Paul Goble
Vienna, May 19 – Despite calls by the president of North Ossetia for uniting his republic with South Ossetia within in the Russian Federation, Moscow is not yet ready to take that step lest it trigger a new round of instability in the North Caucasus and further complicate relations with Moscow’s various foreign partners, according to a leading Russian analyst.
In an article posted online yesterday, Sergey Markedonov, one of Russia’s most thoughtful commentators on the Caucasus, says that North Ossetian President Taymuras Mamsurov’s May 12th call is hardly surprising given that the idea of uniting the two Ossetias has a history going back to the end of the Soviet period (www.politcom.ru/10121.html).
In the late 1980s and early 1990s, he writes, the idea of uniting the two Ossetias, one inside the Russian Federation and the other in Georgia was “intensively discussed on both sides of the Caucasus mountains,” in the South in response to the rising tide of Georgian ethno-nationalism and in the North for that reason and because of the North’s clash with Ingushetia.
Some in Moscow were prepared to back such a combination, seeing it “as an alternative to the parade of sovereignties that was then gathering strength.” Later, in March 1993, the North Ossetian parliament took the further step of recognizing South Ossetia as an independent republic, doing so 15 years “earlier than Russia,” Markedonov notes.

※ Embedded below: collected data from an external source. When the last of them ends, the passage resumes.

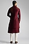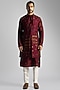 Featuring a deep red long indowestern jacket in bemberg silk and cotton base with embroidery. It is paired with a kurta and pants. Perfect wear for an engagement or sangeet ceremony.
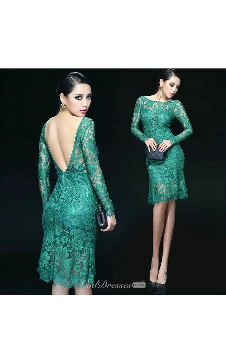 Sexy Lace Appliques Knee-Length Dresses With Beautiful Full Sleeve Backless
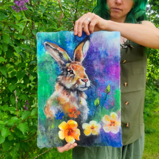 Wool Painting ”Summer Joy in the Company of a Hare”, from the Whimsical Wildlife in Bloom collection
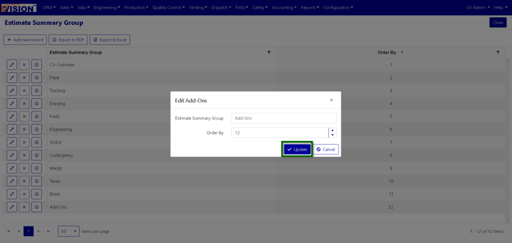 - Click on the “Update” button to Add the new Estimate Summary Group (see the Green box in Figure 3).
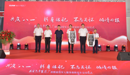 7月28日,北京汽車制造廠在青島總部基地隆重舉行“共慶‘八一’,躬身銘記,不忘關懷,傾情回報”捐贈退伍軍人服務保障用車交付儀式,以實際行動做出擁軍表率,為建軍96周年獻禮。原空軍指揮學院副院長朱和平少將、中國退役軍人就業創業服務促進會理事長王義少將、中國退役軍人就業創業服務促進會常務副理事長林崗少將、中國汽車工業協會常務副會長兼秘書長付炳鋒、山東省退役軍人事務廳副廳長劉興磊以及各界領導嘉賓共計200余人出席了本次儀式,北京汽車制造廠董事長陸付軍在現場遞交了此次捐贈的BAW卡路里皮卡新車鑰匙。
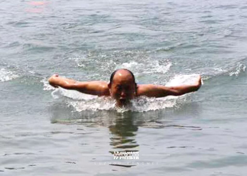 在瀘州市長沱兩江岸邊,經(jīng)常能看見一位65歲的光頭老人,時而扮演“游泳教練”、時而充當(dāng)“勸導(dǎo)員”、時而化身“水上救援人員”。
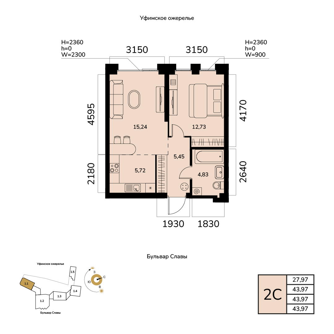 43.97 м²

But from 1993 to 2004, Markedonov writes, the idea of combining the two republics was put on hold, as the result of Moscow’s policies and the approach of North Ossetia’s second president Aleksandr Dzasokhov, even though many Ossetians in both continued to be interested in linking their two republics more closely.
The Russian-Georgian war of August 2008 and Moscow’s diplomatic recognition of South Ossetia changed all this. But Mamsurov’s declaration earlier this month raises the question as to “the readiness of the Russian leadership to yet again revise the status quo in the Caucasus region.”
According to Markedonov, “the existence of South Ossetia creates more than a few political-level paradoxes. On the one hand, it enjoys some of the attributes of an independent state. But on the other, it is far smaller than North Ossetia which “is not an independent formation.”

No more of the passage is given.